The events of the early Reformation are extremely complex, affecting as they do both the intellectual and historical destinies of western civilization, and the novel reflects this complexity. With the narrative switching from 1555 to 1517 and from 1538 to 1527 and back, the reader must work to create his/her own timeline, though the events within each time period are clear. At several points in this long narrative, the authors summarize the speaker's thinking, putting events into perspective to avoid confusion for the reader.

Filled with exciting, hair's-breadth escapes from disaster, fascinating and memorable depictions of (real) historical characters, insightfully presented intellectual conflicts, and new events in new places coming fast and furiously for over seven hundred pages, the novel is a rewarding adventure for the reader with a serious interest in the Reformation. The authors have avoided the stodginess of some historical novels by adopting a breezy, slangy style, filled with profanities, which conveys the frustration and trauma of these four-hundred-year old events in a language with which the contemporary reader can easily identify. This style may not appeal to some scholars, as such a casual approach to these seminal events in world history demeans them, to some extent, by reducing them to issues akin to our own.
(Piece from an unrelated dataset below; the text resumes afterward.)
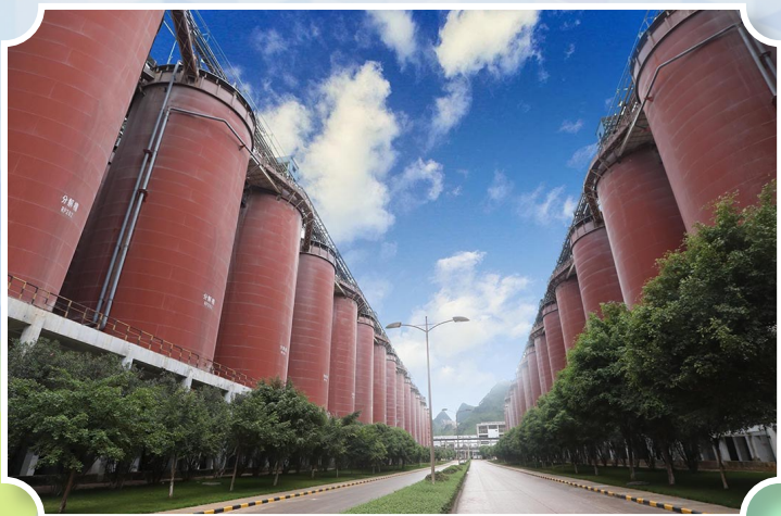
图为广西华银铝业生产区域。

如今，“能修必修、变废为宝”已成为广西华银铝业全员的行动自觉，修旧利废不仅降了成本，更锤炼了作风，凝聚了合力，为企业高质量发展注入绿色新动能。

As the speaker moves throughout Europe, the novel becomes a series of interconnected episodes, rather than one unified plot. The unity is a result of the subject matter—the beliefs of the Reformation and how they spread—rather than from any real suspense. Though the speaker and Q work at cross-purposes throughout the novel, the sense of competition between them is not strong, since they do not know each other and the reader does not really see how Q has maneuvered to thwart the speaker until after the fact. Still, this is a huge novel of huge ideas, presented in a way that is accessible to anyone with an interest in the period, and the patient reader will come away with a new appreciation and understanding of one of the most remarkable periods in the history of our civilization.

*Reviewer's note: Luther Blissett is not a single author. Though this is a name of a real Milanese soccer player, it was chosen as a pseudonym by a group of four young people from Bologna, Italy, who are the authors of this novel.